(x^3+yx^3)xy=x^5-y^5
(x^3+yx^3)xy=x^5-y^5
Hmmm. I'd pull out that x^3 first, giving
(1+y)x^4y=x^5-y^5
(y')(x^4y)+(1+y)(4x^3y+x^4y') = 5x^4-5y^4y'
Now expand some to get the y' terms:
x^4yy' + (1+y)(4x^3y) + (1+y)(x^4y') = 5x^4-5y^4y'
y'(x^4y + (1+y)x^4 + 5y^4) = 5x^4 - (1+y)(4x^3y)
Now simplify and divide for
y' =
x^3(5x-4y^2-4y)
-----------------------
2x^4y + x^4 + 5y^4
5x^4-4x^3,y-y^4/x^4+4xy^3+5y^4 answer
http://www.wolframalpha.com/input/?i=derivative+(x%5E3%2Byx%5E3)xy%3Dx%5E5-y%5E5
To solve the equation (x^3+yx^3)xy=x^5-y^5, let's break it down step by step.

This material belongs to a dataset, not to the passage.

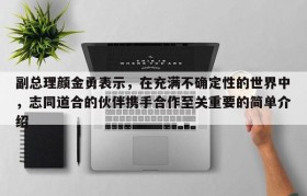 副总理颜金勇表示,在充满不确定性的世界中,志同道合的伙伴携手合作至关重要的简单介绍

Step 1: Distribute the terms on the left side of the equation
(x^3+yx^3)xy = x^5 - y^5
Expanding the first term:
(x^3 + yx^3)xy = (x^3 * xy) + (yx^3 * xy)
Step 2: Simplify the left side
(x^3 * xy) + (yx^3 * xy) = x^4y^2 + x^2y^4
Step 3: The equation becomes
x^4y^2 + x^2y^4 = x^5 - y^5
Step 4: Rearrange the equation to get all terms on one side
x^4y^2 + x^2y^4 - x^5 + y^5 = 0
Step 5: Factor out common terms
x^4y^2 - x^5 + x^2y^4 + y^5 = x^4(y^2 - x) + y^5(x^2 + 1) = 0
Now, we have factored the equation which can help us find any possible solutions for x and y.